Produced, co-written by, and starring Hostel's Eli Roth, and co-written and directed by native Chilean Nicolás López, Aftershock tells the harrowing tale of a group of party goers that face a devastating earthquake and the chaotic aftermath. Here at Idle Hands we were lucky enough to drop in on Roth and get the details on the film and insights into his methods and concepts, which, are explored throughout his projects. A good time interrupted by sudden death.

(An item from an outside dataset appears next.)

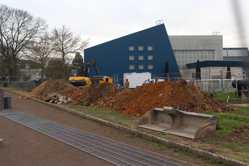 A l'approche de la fin des travaux pour les nouveaux vestiaires, cette semaine, les travaux pour la mise en place d'une tribune stade Bertin ont débuté.
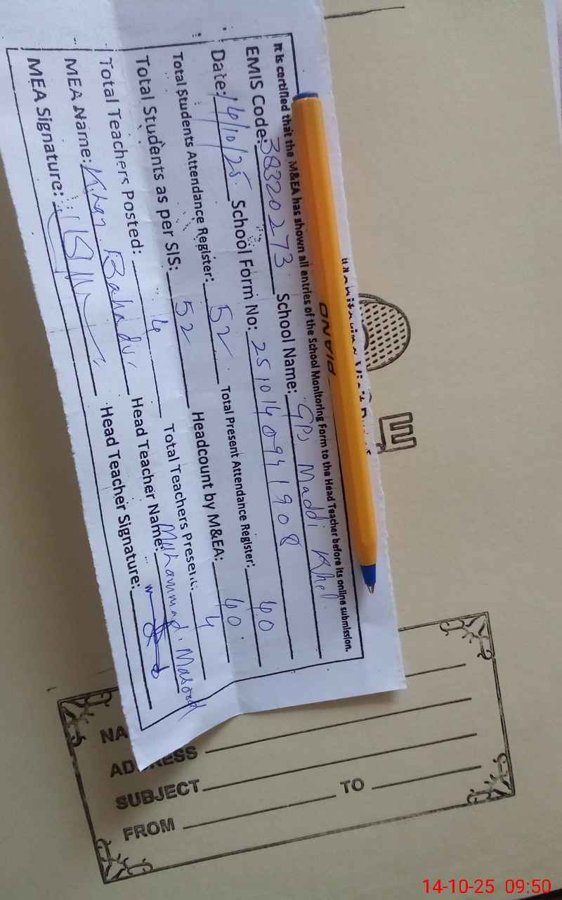 | EMIS Code: 38320273 | Name of School: GPS MADDI KHEL | |||

The genesis for Aftershock began from a conversation between Roth and López. “We were talking, after Last Exorcism opened, about how I can get movies financed on my name and released as “Eli Roth Presents”. I know he [López] loves horror movies, and I was like Why don’t you do an English-language horror movie? And he was like, “Why don’t we shoot it in Chile?” And we thought, what’s the story, what’s it going to be? And we thought, let’s do something like REC. Something high-octane, high adrenaline: do monsters, or do aliens. But then with him telling me about the earthquake, and the shit that went down that night...We were like, we don’t need to change anything. We just need to put the stuff in order. It’s all right there. And we just started writing it. We wrote it over Skype, with our third writing partner, Guillermo Amoedo, who he had written the Que Pena Tu... movies with.”
Basing an exciting action/disaster movie on a real event might be considered controversial, especially to the Chileans who actually lived through the tragedy, but Roth hasn’t found this to be the case.
“There’s no way the reaction could be worse than 3:34 AM, which was the Chilean art film made one year, like as soon as the tragedy happened they went into production on 3:34 AM. And they said “This is the story of the earthquake.” And the movie was so bad. People were like, “This fucking sucks. This is just terrible!” And they [3:34 AM’s makers] said “Well, the money will go to the victims’ families...” And they made a shitty movie. People were mad the movie sucked.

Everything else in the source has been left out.